----- Dataset excerpts

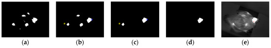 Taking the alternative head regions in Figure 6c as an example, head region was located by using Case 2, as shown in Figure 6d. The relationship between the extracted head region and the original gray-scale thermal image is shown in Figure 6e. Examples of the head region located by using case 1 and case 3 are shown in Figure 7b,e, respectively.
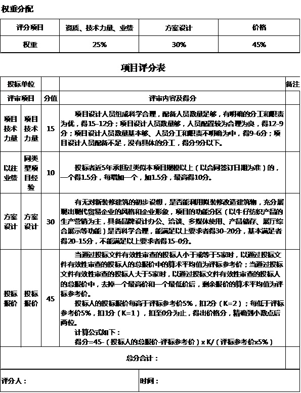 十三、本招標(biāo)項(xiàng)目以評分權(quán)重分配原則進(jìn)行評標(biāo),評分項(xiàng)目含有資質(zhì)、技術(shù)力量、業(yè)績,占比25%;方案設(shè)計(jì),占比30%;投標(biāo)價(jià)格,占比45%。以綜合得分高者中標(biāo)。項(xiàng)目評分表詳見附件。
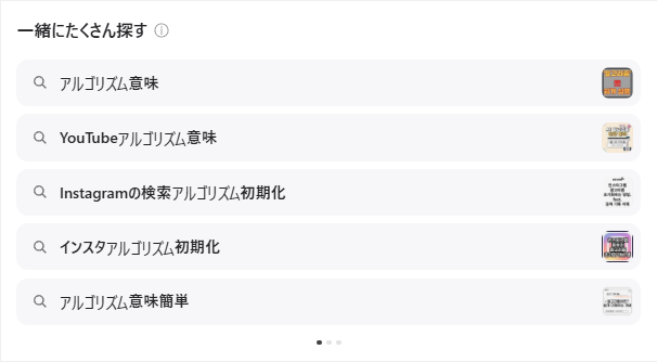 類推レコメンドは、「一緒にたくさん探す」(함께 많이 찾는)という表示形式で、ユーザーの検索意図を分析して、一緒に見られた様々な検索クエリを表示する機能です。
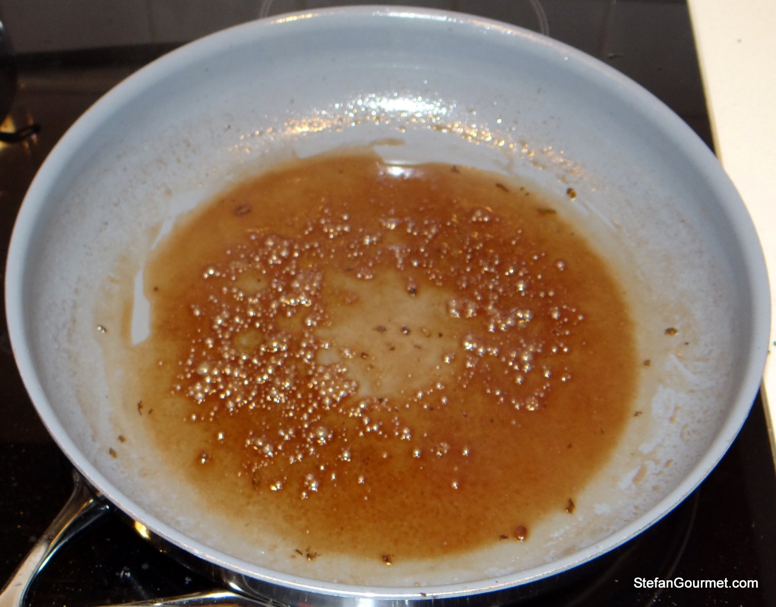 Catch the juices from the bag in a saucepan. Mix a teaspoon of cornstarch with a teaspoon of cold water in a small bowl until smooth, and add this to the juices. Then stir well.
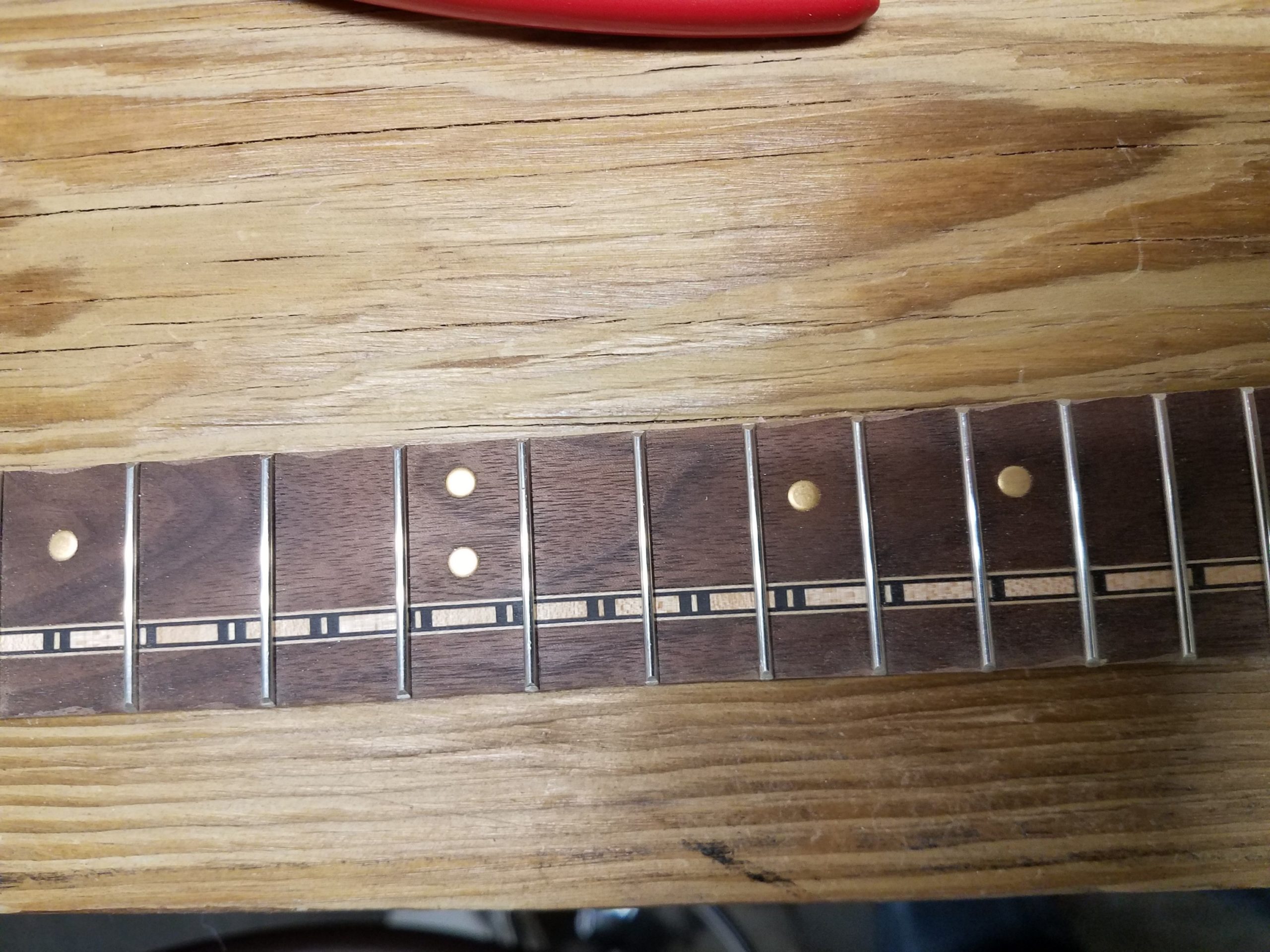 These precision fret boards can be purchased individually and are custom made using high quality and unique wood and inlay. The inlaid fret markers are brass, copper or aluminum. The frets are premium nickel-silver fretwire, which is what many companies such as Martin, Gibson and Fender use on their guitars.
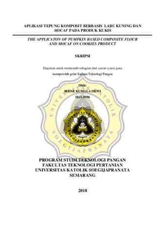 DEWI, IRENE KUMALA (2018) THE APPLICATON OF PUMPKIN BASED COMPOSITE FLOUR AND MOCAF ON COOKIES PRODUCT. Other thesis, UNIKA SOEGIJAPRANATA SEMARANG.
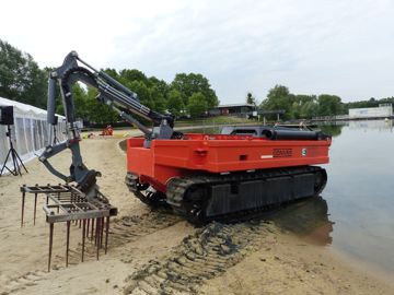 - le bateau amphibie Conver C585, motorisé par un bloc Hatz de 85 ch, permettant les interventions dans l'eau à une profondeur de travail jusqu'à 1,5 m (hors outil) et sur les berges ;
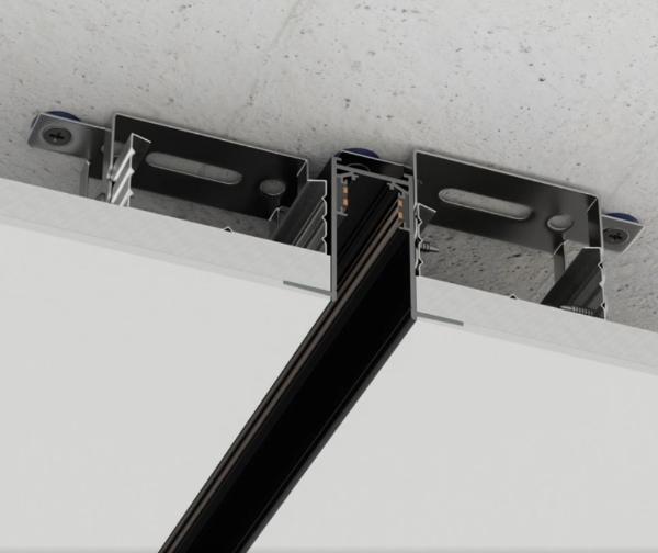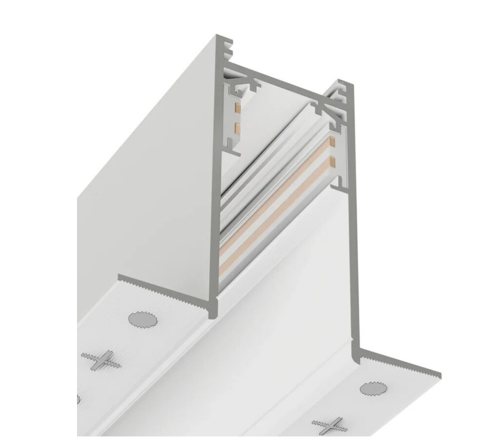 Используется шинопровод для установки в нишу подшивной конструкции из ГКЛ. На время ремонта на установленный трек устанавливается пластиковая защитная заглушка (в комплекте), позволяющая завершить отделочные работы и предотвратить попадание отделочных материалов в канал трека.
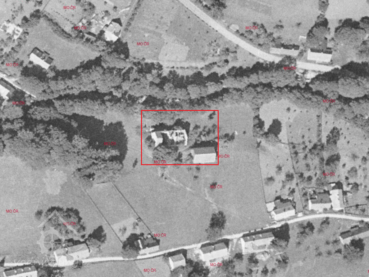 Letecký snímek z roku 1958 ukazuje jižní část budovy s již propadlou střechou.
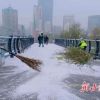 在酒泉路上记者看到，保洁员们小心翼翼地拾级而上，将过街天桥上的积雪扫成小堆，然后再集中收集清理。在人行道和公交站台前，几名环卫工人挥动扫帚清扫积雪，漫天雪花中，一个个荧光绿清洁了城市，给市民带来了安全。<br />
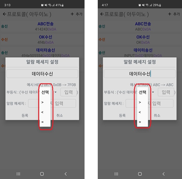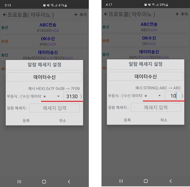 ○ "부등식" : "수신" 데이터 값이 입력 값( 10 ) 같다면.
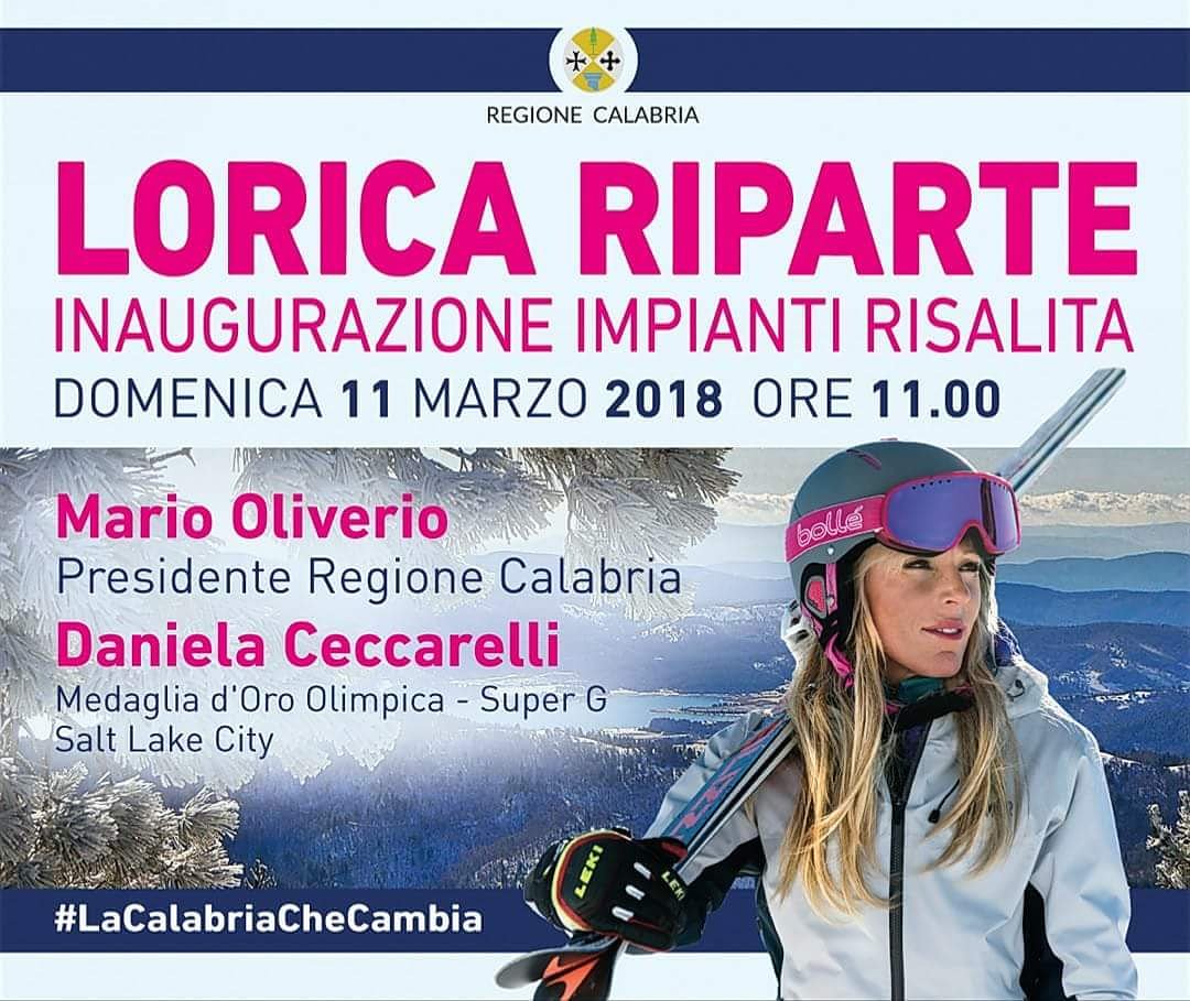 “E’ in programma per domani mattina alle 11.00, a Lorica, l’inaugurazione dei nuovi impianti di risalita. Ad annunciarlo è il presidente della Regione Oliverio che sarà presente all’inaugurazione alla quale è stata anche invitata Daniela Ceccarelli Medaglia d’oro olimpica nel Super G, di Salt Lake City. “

----------

Your copy should hold the lines from the one with "十三、本招標(biāo)項(xiàng)" up to and including the one with "Letecký snímek z", exactly as in the data above, and no pictures.

 十三、本招標(biāo)項(xiàng)目以評分權(quán)重分配原則進(jìn)行評標(biāo),評分項(xiàng)目含有資質(zhì)、技術(shù)力量、業(yè)績,占比25%;方案設(shè)計(jì),占比30%;投標(biāo)價(jià)格,占比45%。以綜合得分高者中標(biāo)。項(xiàng)目評分表詳見附件。
 類推レコメンドは、「一緒にたくさん探す」(함께 많이 찾는)という表示形式で、ユーザーの検索意図を分析して、一緒に見られた様々な検索クエリを表示する機能です。
 Catch the juices from the bag in a saucepan. Mix a teaspoon of cornstarch with a teaspoon of cold water in a small bowl until smooth, and add this to the juices. Then stir well.
 These precision fret boards can be purchased individually and are custom made using high quality and unique wood and inlay. The inlaid fret markers are brass, copper or aluminum. The frets are premium nickel-silver fretwire, which is what many companies such as Martin, Gibson and Fender use on their guitars.
 DEWI, IRENE KUMALA (2018) THE APPLICATON OF PUMPKIN BASED COMPOSITE FLOUR AND MOCAF ON COOKIES PRODUCT. Other thesis, UNIKA SOEGIJAPRANATA SEMARANG.
 - le bateau amphibie Conver C585, motorisé par un bloc Hatz de 85 ch, permettant les interventions dans l'eau à une profondeur de travail jusqu'à 1,5 m (hors outil) et sur les berges ;
 Используется шинопровод для установки в нишу подшивной конструкции из ГКЛ. На время ремонта на установленный трек устанавливается пластиковая защитная заглушка (в комплекте), позволяющая завершить отделочные работы и предотвратить попадание отделочных материалов в канал трека.
 Letecký snímek z roku 1958 ukazuje jižní část budovy s již propadlou střechou.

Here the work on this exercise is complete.